Wednesday, 25 July 2012

Chichester's The Resistible Rise of Arturo Ui, or, A Chilling Masterpiece

Sometimes as a theatregoer you are privileged to see a production in which everything works. The play is a masterpiece. The ensemble are spot on. The production is brilliantly judged. And the lead is giving the performance of a lifetime. Chichester's new production of Brecht's Arturo Ui is such an occasion.

Brecht's reimagining of Hitler as a small time Chicago hood taking over the grocery racket is fiendishly clever. It's often ludicrous (I don't think I quite appreciated before how potentially ludicrous the words 'cabbage' and 'cauliflower' are) but of course the ultimate effects are horrifying, and particularly as the play darkens after the inerval the audience are not spared. One other device to be mentioned is Brecht's clever use of Shakespeare – most obvious when having Ui appropriating snatches of Julius Caesar but present across the play and both serving as further mockery of the idea of taking the set up seriously (how can these gangsters be spouting lines of Shakespeare, and getting it wrong) but of course equally insisting that we do take it seriously – there is a Shakespearean tragic element to this enterprise only the culpable audience is much wider than the gangsters and politicians on stage.

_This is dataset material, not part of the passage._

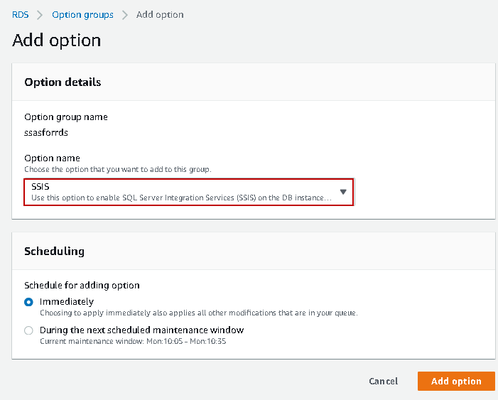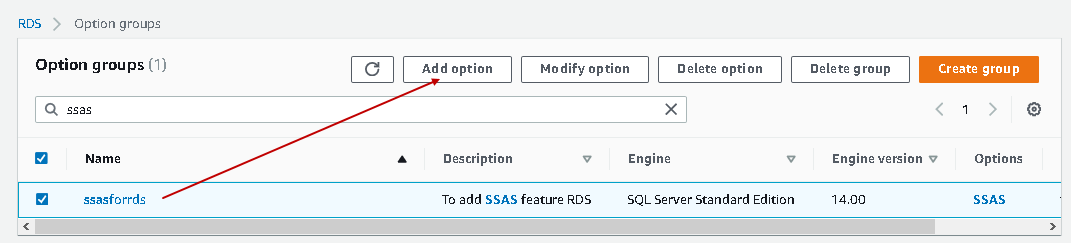 Navigate to the Option groups tab in the RDS dashboard, select the option group ssasforrds and click on the Add option button:

As already mentioned, the supporting cast are uniformly excellent. This is a play that needs an especially versatile ensemble – it's a long way from the jazz which greets you as you take your seat to the fiery rant of the conclusion. It is worthy of note that most of the cast have to play at least two roles and they transfer between them seamlessly. Major contributions include William Gaunt's hapless Dogborough, Colin Stinton's courageous, doomed Ignatius Dullfoot, Lizzy McInnerny as his ultimately biddable wife, Joe McGann's fading Irish-American actor (whose scene with Ui provides a brief moment of hilarity in the descending darkness) and the trio of gangsters behind Ui. But everybody makes an important contribution to this stunning evening. At the centre though, is Henry Goodman's spellbinding Arturo Ui, who transforms before our eyes from the inarticulate butt of the joke in his first brief, silent appearance, to the searing, dominating dictator of the conclusion. So many little things contribute to this but I would single out two – the periodic, unsettling way that Goodman's wide staring eyes suddenly seemed to flash out at me, and his equally sudden transitions from reasonableness to vicious fury.

Equal praise is also due to the production team. Director Jonathan Church consistently crafts those moments of tension through positioning that make for great drama, ably supported by Simon Higlett's sets, Marcello Magni's movement, Tim Mitchell's lighting and Matthew Scott's music.

This production deserves to transfer but in a large venue I suspect the direct punch of feeling oneself surrounded by Ui's minions and caught in Ui's gaze will be difficult to maintain for the whole audience. Beg, borrow or otherwise acquire a ticket therefore to one of the remaining perfomances of its Minerva Theatre run. This is unmissable.